▶ **Raw data**
--------------------------------

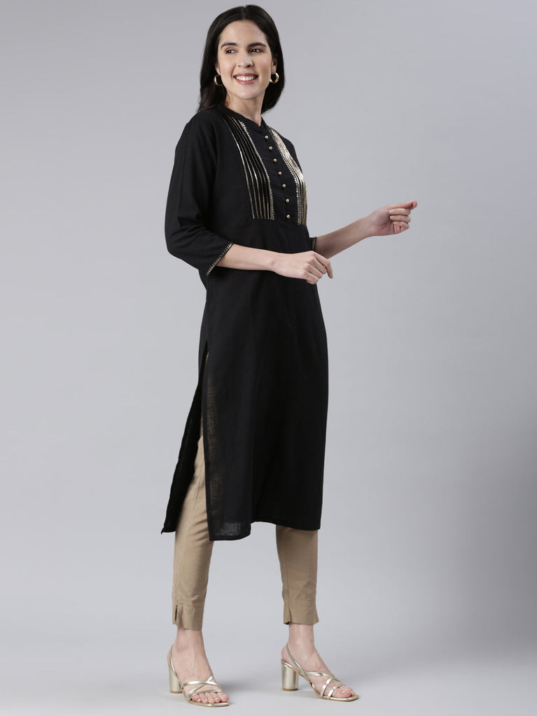 Neeru's Black Straight Solid Cotton Kurtas
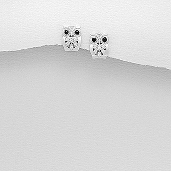 Boucles d’oreilles chouette en argent 92.5 rhodié et zirconium. Dimensions 8 x 10 mm
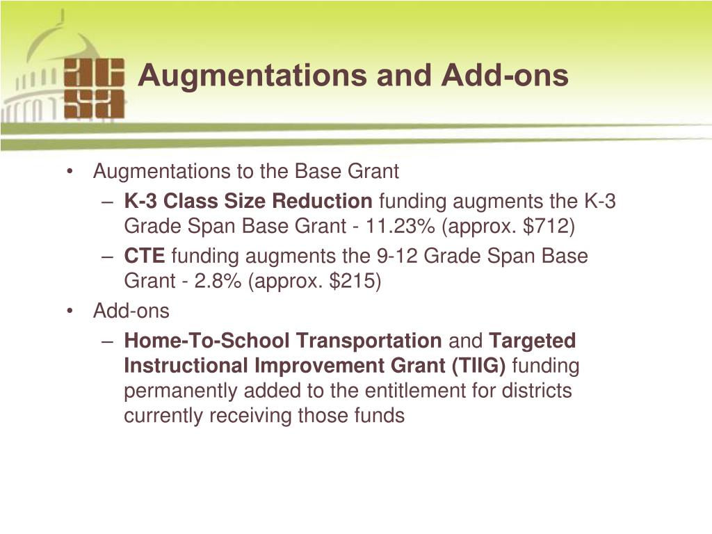 Augmentations and Add-ons • Augmentations to the Base Grant • K-3 Class Size Reduction funding augments the K-3 Grade Span Base Grant - 11.23% (approx. $712) • CTE funding augments the 9-12 Grade Span Base Grant - 2.8% (approx. $215) • Add-ons • Home-To-School Transportation and Targeted Instructional Improvement Grant (TIIG) funding permanently added to the entitlement for districts currently receiving those funds 877.954.4357 • www.sia-us.com 6
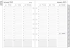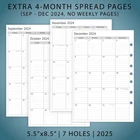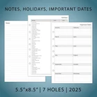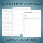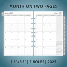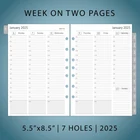 2025 weekly & monthly appointment book pages for 3 ring and 7 ring mini binders 2-page monthly spread with ruled daily blocks, calendar & notes section, laminated month tabs allow quick turning Weekly spread includes 53 weekly pages that have vertical half-hour appointments 7 am – 8 pm and notes sections, Monday – Friday Addtional Note-taking pages, Yearly Goals, Important Dates, Contact, 2024-2025 Calendar and Holidays Pages, extra Sep 2024 to Dec 2024 monthly spread pages (no weekly pages) for early planning This planner refills sizing 5-1/2"x8-1/2" with 7 holes punched, compatible with AT-A-GLANCE (deak size 4, 7-ring), Franklin Covey (classic, 7-ring), Avery (mini binder, 3-ring), and similar 3-ring or 7-ring mini binders Product Description Refill your 3 ring or 7 ring mini binders (5.5"x8.5") and keep organized with this 2025 weekly planner refills that feature coated monthly tabs, daily 7am-8pm schedule weekly pages, yearly goals, important dates, contact and holidays pages. 2025 Weekly Planner Refills Compatible with below brands and similar 3-ring or 7-ring mini binders: AT-A-GLANCE, desk size Avery, mini binder Franklin Covey, classic PLANNING PAGES OVERVIEW

--------------------------------

▶ **Exercise requirements**
What is needed is a word-for-word restatement of the lines from the one holding "Boucles d’oreilles chouette" to the final line of the data above, inclusive, without any pictures.

▶ **Written response**
 Boucles d’oreilles chouette en argent 92.5 rhodié et zirconium. Dimensions 8 x 10 mm
 Augmentations and Add-ons • Augmentations to the Base Grant • K-3 Class Size Reduction funding augments the K-3 Grade Span Base Grant - 11.23% (approx. $712) • CTE funding augments the 9-12 Grade Span Base Grant - 2.8% (approx. $215) • Add-ons • Home-To-School Transportation and Targeted Instructional Improvement Grant (TIIG) funding permanently added to the entitlement for districts currently receiving those funds 877.954.4357 • www.sia-us.com 6
 2025 weekly & monthly appointment book pages for 3 ring and 7 ring mini binders 2-page monthly spread with ruled daily blocks, calendar & notes section, laminated month tabs allow quick turning Weekly spread includes 53 weekly pages that have vertical half-hour appointments 7 am – 8 pm and notes sections, Monday – Friday Addtional Note-taking pages, Yearly Goals, Important Dates, Contact, 2024-2025 Calendar and Holidays Pages, extra Sep 2024 to Dec 2024 monthly spread pages (no weekly pages) for early planning This planner refills sizing 5-1/2"x8-1/2" with 7 holes punched, compatible with AT-A-GLANCE (deak size 4, 7-ring), Franklin Covey (classic, 7-ring), Avery (mini binder, 3-ring), and similar 3-ring or 7-ring mini binders Product Description Refill your 3 ring or 7 ring mini binders (5.5"x8.5") and keep organized with this 2025 weekly planner refills that feature coated monthly tabs, daily 7am-8pm schedule weekly pages, yearly goals, important dates, contact and holidays pages. 2025 Weekly Planner Refills Compatible with below brands and similar 3-ring or 7-ring mini binders: AT-A-GLANCE, desk size Avery, mini binder Franklin Covey, classic PLANNING PAGES OVERVIEW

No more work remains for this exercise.